The scale of these loans, which are often considered high-risk and take place behind closed doors rather than in banks or in public debt markets, has more than tripled globally since 2015, but now “appears particularly vulnerable,” the Bank of England said.

Recall what we actually did with Quantitative Easing. We deliberately printed new money with which we then bought government debt. Thiis lowered - by design - the risk free interest rate, that yield on gilts. At which point the rational investor went further out along the risk curve in a desperate attempt tp gain some sort of income. Which was the point of the printing and the buying, to push people out along the risk curve and hunt for yield.

As that problem inducing QE goes away and we come to Quantitative Tightening, QT, then that hunt for yield, acceptance of risk, is also going to change. Which is also the purpose of QT. We want investors to wind their necks in that is.

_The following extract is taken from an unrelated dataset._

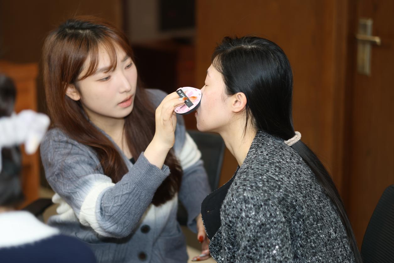 分组实操环节,每组分配一位北大新颜造型协会的助教进行指导,提供一次性粉扑、多色号粉底液、化妆棉、遮瑕膏,还有小样妆前乳、定妆喷雾等全套底妆用品。助教们手把手教学,从粉底色号的选择、取粉量到上妆手法。有基础的同学则和伙伴们互相交流技巧,分享自己平时化妆的小心得。原本素净的脸庞,在大家的巧手打造下,慢慢呈现出清透自然的底妆效果,看着镜子里的自己,同学们的脸上都露出了开心的笑容。

So far, so good and all is going according to plan. The difficulty is that the money printing, the bond buying, gave government free money to spend. As long as that remained in the financial system we did not have a system-wide change in prices. Capital assets changed in price, yes, but then that’s the same thing as reducing yields to push people out along the risk curve. Just a different description of the same process.

One government got a taste for actually spending that newly minted money we got inflation - which we’re now trying to reduce of course.

Which is where we get to that cost of Modern Monetary Theory, or that magic money tree. By funding government via money printing we do indeed reduce the general interest rate. Which will make the corporate world riskier as investors reach along that risk curve for yield.

Anyone complaining about these “private loans” has to accept that this just is what will happen in a world of QE and MMT. Anyone objecting to these risks needs to understand that they are a product of that money printing method of funding government spending.

Just one of those things - you don’t have to like what economics tells you but you do have to pay attention. For economics does add up. This action here creates that effect there and no, you can’t take this action without that effect.